Вот эта женщина -- кем была? Там -- кем? Сразу и не скажешь. Шикарная женщина. Впрочем, нет, ничего особенного, но косметики много, одета с шиком, это да. Вещи, конечно, привезены с собой, еще оттуда шмотки, все импортное, все, как говорили там, "фирма". Держится уверенно. Сигарета во рту. Пожалуй, она уже выплыла.
В Союзе с такими особами Светлане становилось неуютно, а тут запросто. Ее обслуживает дама вся в "фирме" -- нарезает, взвешивает, складывает в пакет продукты. Никакого неудобства. Светлана спрашивает:
-- Магазин ваш?
-- Да.
-- Не страшно? Я слышала, многие прогорают. Надо уметь торговать.
-- Ничего тут мудреного нет. Главное -- связь с поставщиками. Но это дело мужа.
-- В Союзе не занимались торговлей?
-- Торговлей? Нет, никогда, -- при этих словах массивные серьги звякнули в такт решительному движению головы хозяйки магазина, -- я парикмахер. Двадцать два года стаж.
Вот так. У каждого своя профессиональная гордость.
А ты? Гордись сколько хочешь, а завтра опять идти убирать чужую квартиру.
И радуйся, что ты на своей исторической родине.
x x x
Автобус подъехал к их городку. Светлана с усилием поднялась, гудели ноги, гудело все тело. Был трудный день сегодня и завтра будет не легче.
Она вышла из автобуса, оставив там всех своих невидимых собеседников. Скорее домой! Принять душ и лечь.
-- Гвэрэт, царих лаазор? {Госпожа, нужна помощь?}
Светлана оглянулась. Ее догонял мужчина. Среднего роста, лысоват, остаток шевелюры -- и в темноте видно -- черный, как все выходцы с Востока, пузо вперед, очень, наверное, нравится себе этот господин. Уверен, что никто не откажется, если он предлагает помощь.
Еще бы! С такими сумками в позднее время она похожа на одинокую женщину, которой можно на вечерок подставить плечо за... За сколько? Светлана ответила резко:
-- Нет! -- на иврите.
-- О-о! -- протянул рыцарь совсем по-русски. И отстал.
Мог бы все-таки Толя ее встречать. Когда дома, мог бы. Ему и в голову не приходит это.
Анатолий докурил сигарету, погасил ее, прикрыл окно.
-- Кто из нас раньше мог себе представить, что в стране евреев никому не нужны мозги? Самый неходкий товар.

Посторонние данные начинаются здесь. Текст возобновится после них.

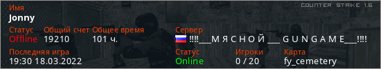 Последний раз был в сети 19:30 18.03.2022 Игрок с таким ником замечен на 22 серверах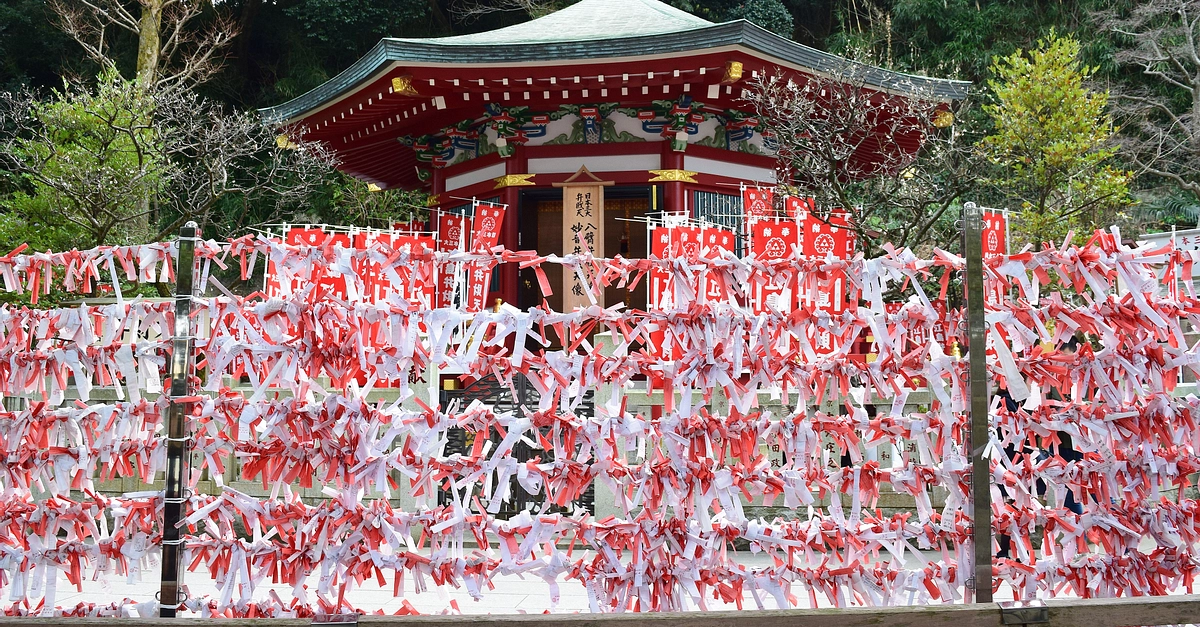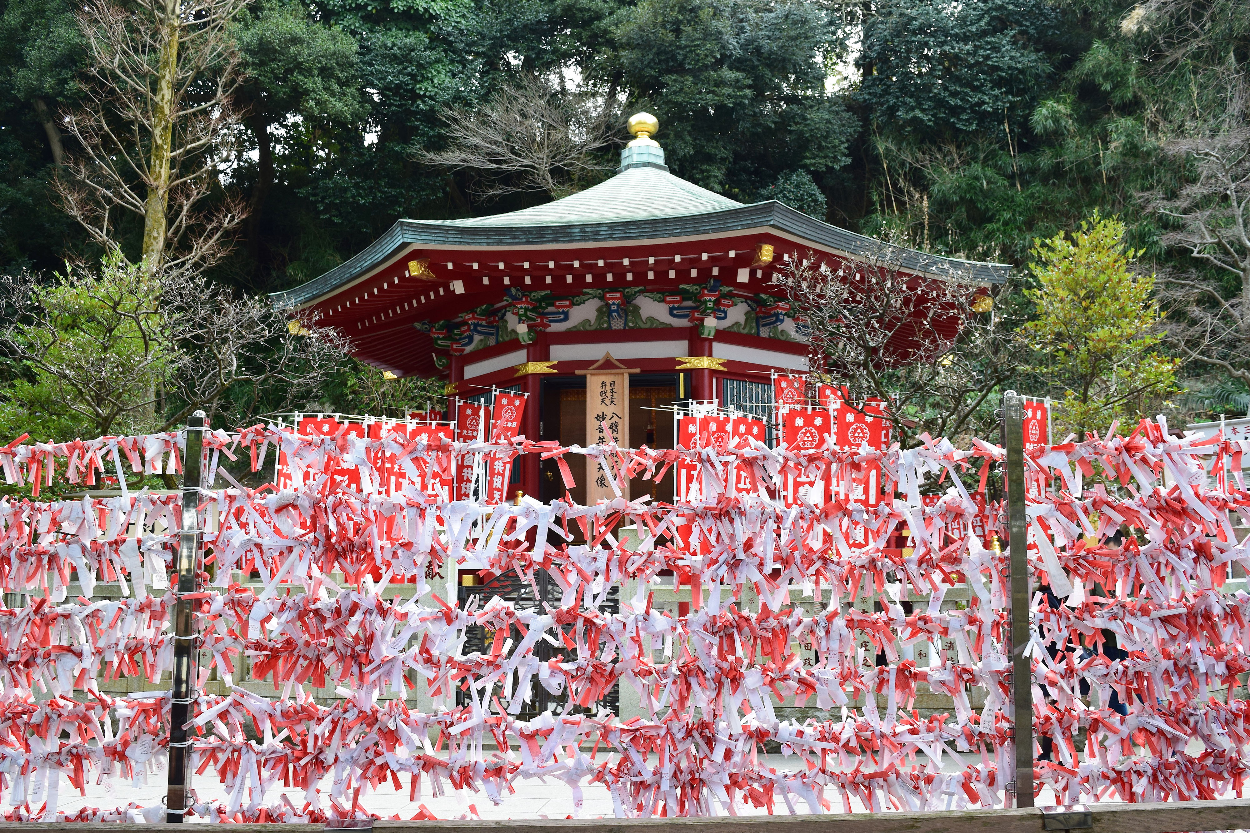 Enoshima is a Japanese island off the coast of Kanagawa Prefecture in the Pacific Ocean. It’s well-known for its colorful shrines with statues honoring the Buddhist goddess Benzaiten. In this picture, one sees the Hoanden (or the Octagonal Hall for the Statues).

Светлана услышала эти слова как будто откуда-то издалека, и вдруг поняла, что все это время Анатолий, пока курил, что-то говорил, рассказывал, рассуждал о чем-то, а она -- она не слушала, думала о своем, жила своим. Что это? Они стали, как двое глухих. Надо было что-то сказать, и Светлана сказала:
-- Не может быть, чтобы мы не нашли выход, чтобы жизнь у нас не устроилась, -- она в самом деле так сейчас думала. -- Надо только ко всему относиться спокойнее.
-- Конечно, я найду выход, -- Анатолий не сомневался. -- Но -- спокойнее? Когда вокруг столько идиотизма?
-- Ты можешь справиться со вселенским идиотизмом?
-- Но я не могу быть спокойным. Куда ни посмотришь, с чем ни столкнешься... Предлагаю сделать обычную лебедку -- нет, таскают раствор ведрами. Насос, обычный насос использовать -- нет, невозможно. И ты говоришь...
-- Тебе же от этого самому хуже. И нам тоже.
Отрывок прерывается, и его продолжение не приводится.